I lack the evidence. I also lack the evidence for most people, any one of which does a lot of good things and a lot of bad things. Which set expresses something essential about the person? At what point can I set back and evaluate the person's inner "essence"?
This is bad enough in secular terms, when you're trying to hire or fire somebody for a job, or evaluate a "candidate for spouse-hood", or the like. But in religious terms, at what point can I judge someone? Should I? Obviously at some point I must make some judgment, but should be it a global judgment ("He's a bad person") or a local judgment ("He's a bad for the position of DA")?
There's also the risk, esp. with kids, but not only with kids, that the judgment will be internalized. If Jake over there made a bunch of mistakes and tries to fix his life, but he's got a big sign around his neck saying "bad person, racist, criminal", he's going to have a lot harder time dealing with society's judgmentalism than his own flaws. If a kid hears that he's "stupid" for the first 3 years of school, or he's "a bad apple", he's likely to act on those judgments.
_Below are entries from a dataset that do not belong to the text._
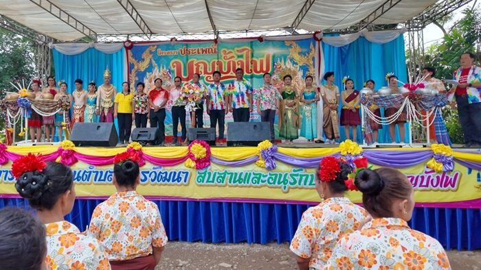 ที่ลานอ่างเก็บน้ำบ้านบึงสำราญ ม.6 ต.ถาวรวัฒนา อ.ทรายทองวัฒนา จ.กำแพงเพชร ชาวบ้านในพื้นที่ได้ร่วมกันจัดงานประเพณีบุญบั้งไฟ (บุญเดือน 6) เพื่อบูชาพญาแถน ตามความเชื่อของชาวไทยอีสานในการขอฝนให้ตกตามฤดูกาลในช่วงการทำการเกษตรไร่นา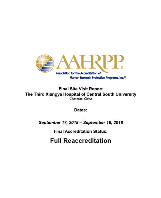 1月9日,美国人体研究保护体系认证协会(AAHRPP)总部正式公布,中南大学湘雅三医院获得了AAHRPP复核认证的最高级别 “完全认证”。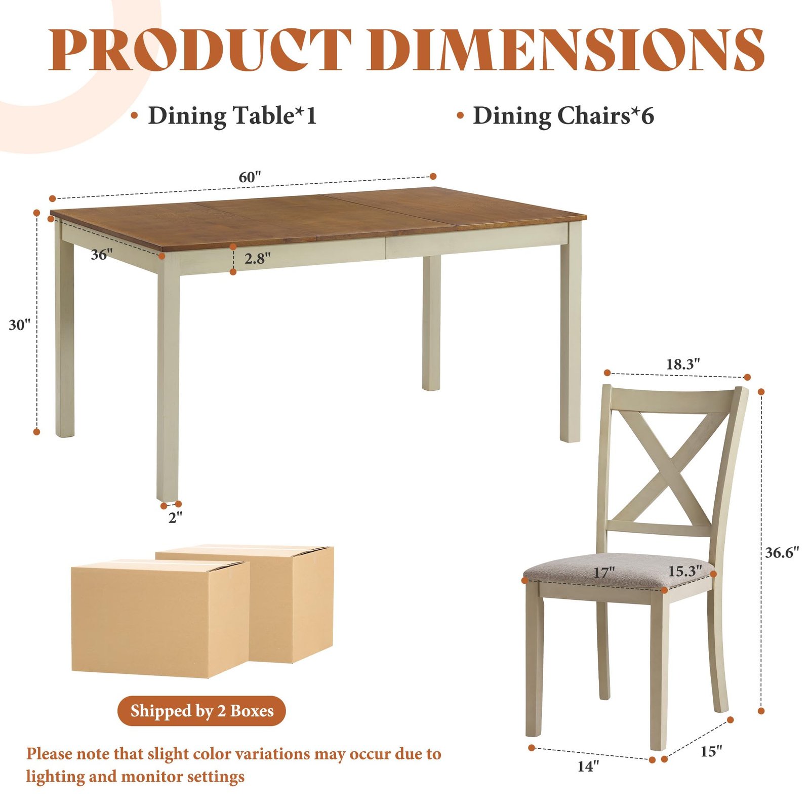 AMERLIFE 7-Piece Farmhouse Solid Wood Dining Table Set with 6 Upholstered Chairs, 60″ Space Saving Dinner Table & Chairs Set, for Dining Room, Kitchen, Restaurant, Rustic Cream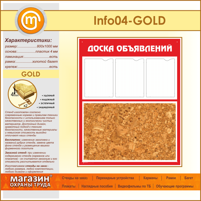 Стенд «Доска объявлений» с пробковым полотном и 3 карманами А4 формата (IN-04-GOLD) в Нижнекамске купить

For Hitler and Stalin, Mao and Bundy, McVeigh and many others, it gets harder. It's easier to label somebody with an across-the-board judgment when they're dead or thoroughly dehumanized (which is one of the results), because it's not likely to affect their behavior in the least. But having read up on Stalin, I find that he wasn't all bad. He was certainly twisted and warped, to be sure, and confused good behavior with very bad behavior (which I consider part of my personal definition of "evil"). But for secular purposes, calling Stalin a "bad person" fits well enough; for purposes of judgment to hell-fire or whatever the divine retribution is, I'll leave that aside as irrelevant.